BEGIN
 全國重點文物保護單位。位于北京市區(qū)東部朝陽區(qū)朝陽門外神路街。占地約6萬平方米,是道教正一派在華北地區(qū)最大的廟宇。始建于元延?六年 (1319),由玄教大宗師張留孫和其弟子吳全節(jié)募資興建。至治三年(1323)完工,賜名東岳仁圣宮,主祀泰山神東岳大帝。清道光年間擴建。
END
BEGIN
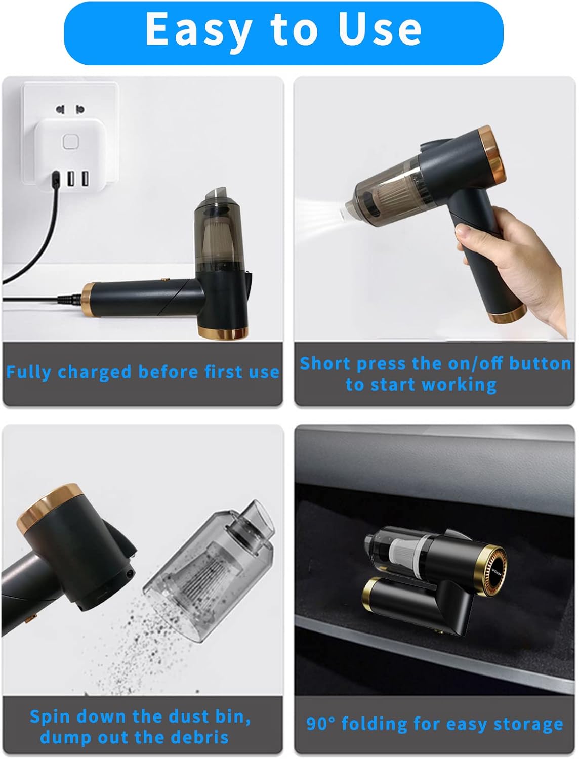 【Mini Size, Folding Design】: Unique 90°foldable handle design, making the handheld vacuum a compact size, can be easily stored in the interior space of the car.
END
BEGIN
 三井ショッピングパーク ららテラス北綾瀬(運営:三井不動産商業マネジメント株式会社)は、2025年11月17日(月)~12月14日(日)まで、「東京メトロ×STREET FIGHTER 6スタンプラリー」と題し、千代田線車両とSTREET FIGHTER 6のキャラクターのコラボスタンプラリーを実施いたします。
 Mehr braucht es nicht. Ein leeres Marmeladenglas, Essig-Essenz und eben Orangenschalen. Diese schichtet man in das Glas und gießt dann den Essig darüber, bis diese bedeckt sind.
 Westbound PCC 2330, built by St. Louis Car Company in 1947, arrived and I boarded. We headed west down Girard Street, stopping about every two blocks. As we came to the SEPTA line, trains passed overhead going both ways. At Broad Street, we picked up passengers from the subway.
END
§ **Your goal**
From the listing above, return the lines starting at the one with "Mehr braucht es" and ending at the one with "Westbound PCC 2330, built", both kept, exactly as they appear and nothing more.

§ **Output for this exercise**
 Mehr braucht es nicht. Ein leeres Marmeladenglas, Essig-Essenz und eben Orangenschalen. Diese schichtet man in das Glas und gießt dann den Essig darüber, bis diese bedeckt sind.
 Westbound PCC 2330, built by St. Louis Car Company in 1947, arrived and I boarded. We headed west down Girard Street, stopping about every two blocks. As we came to the SEPTA line, trains passed overhead going both ways. At Broad Street, we picked up passengers from the subway.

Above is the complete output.